Plaintiff's most compelling argument for summary judgment is the apparent admission by defendant's expert that she did not believe the plaintiff intended to imply he performed anything other than oversight services. See Spada Declaration at Exhibit A. However, it is difficult to evaluate the scope of this admission when plaintiff has provided only a brief excerpt from the Avakian deposition. Moreover, Avakian does not appear to waiver in her assertion that plaintiff's use of individual procedure codes was improper and led to excessive payments. Nor does plaintiff's defenses that he only did what hospitals did for years or that he had used the same codes for years fully answer defendant's claims of fraud. Just because hospitals are free to bill for the services of their employees does not mean it is not fraudulent for a doctor to bill for services provided by non-employees. Nor does getting away with fraudulent conduct for a long period time make such conduct, if proven, less crooked. In the end, issues of plaintiff's intent in using certain codes and whether the defendant was mislead by the use of those codes are fact questions best left to the jury and the crucible of trial.
In some cases, the facts may show that Dr. Briglia billed the insurance companies for tests actually performed by family members on their own children.

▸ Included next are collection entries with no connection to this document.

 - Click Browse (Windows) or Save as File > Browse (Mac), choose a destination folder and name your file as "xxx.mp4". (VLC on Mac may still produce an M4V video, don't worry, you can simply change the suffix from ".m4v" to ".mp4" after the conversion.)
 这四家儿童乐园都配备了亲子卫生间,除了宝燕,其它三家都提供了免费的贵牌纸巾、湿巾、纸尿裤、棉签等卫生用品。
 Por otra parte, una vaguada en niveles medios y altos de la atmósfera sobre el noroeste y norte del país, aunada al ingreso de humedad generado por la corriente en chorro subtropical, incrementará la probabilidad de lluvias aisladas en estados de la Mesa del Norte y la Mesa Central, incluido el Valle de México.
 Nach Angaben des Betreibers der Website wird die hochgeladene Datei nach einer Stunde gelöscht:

In sum, the arguments presented by the parties show that whether couched as claims for individual tests not personally performed or claims for daily monitoring services personally performed only weekly, genuine issues of material fact exist as to whether Dr. Briglia knowingly submitted false claims to Horizon Blue Cross for services he did not personally perform. We cannot conclude as a matter of law that reasonable minds could not differ as to whether Dr. Briglia knowingly submitted false claims in violation of IFPA, or committed common law fraud.

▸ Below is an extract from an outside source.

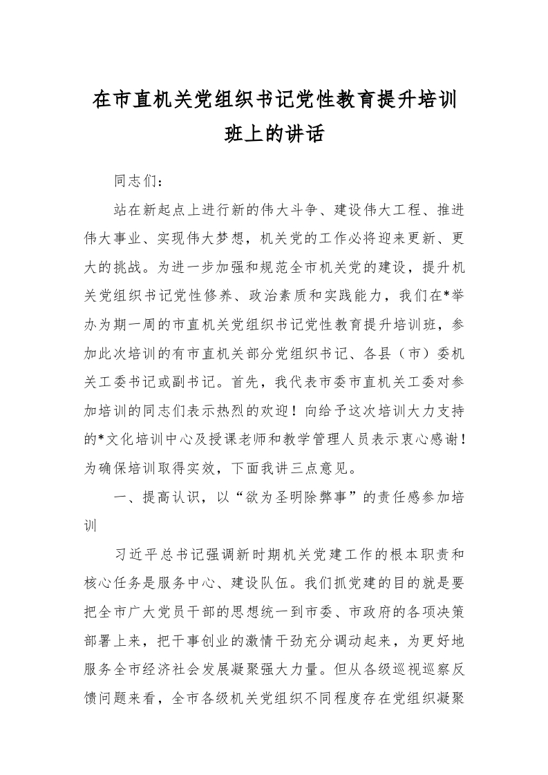 / 在市直机关党组织书记党性教育提升培训班上的讲话
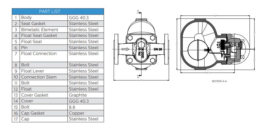 Thông số kỹ thuật Bẫy hơi phao lưỡng kim Ayvaz Model SK-50B

It follows that if defendant Horizon Blue Cross may still prevail on its counterclaim that plaintiff knowingly submitted false claims then it may still prevail on a theory requiring lesser intent: i.e. that Dr. Briglia was unjustly enriched by conduct that — while not fraudulent — caused the defendant to pay the plaintiff by mistake. Cf., New Jersey Manufacturers Ins. Co. v. Gonsalves, 366 N.J. Super 459, 468 ("in general, one who pays money under a mistake of fact may be entitled to recover the payment"). Accordingly, the plaintiff's motion to dismiss that part of defendant's counterclaim will be denied.
IV. CONCLUSION
Based on the foregoing, plaintiff's motion for summary judgment as to Horizon's counter claim is denied; Horizon's cross motion for partial summary judgment on their counterclaim is also denied; J J Snack Foods Corporation's motion joining Horizon's cross motion is dismissed; and N.J. Bricklayers and Allied Craftsman Health and Welfare Fund together with Gary J. Mercadante's motion joining Horizon's cross motion is also dismissed.An order will be entered consistent with this opinion.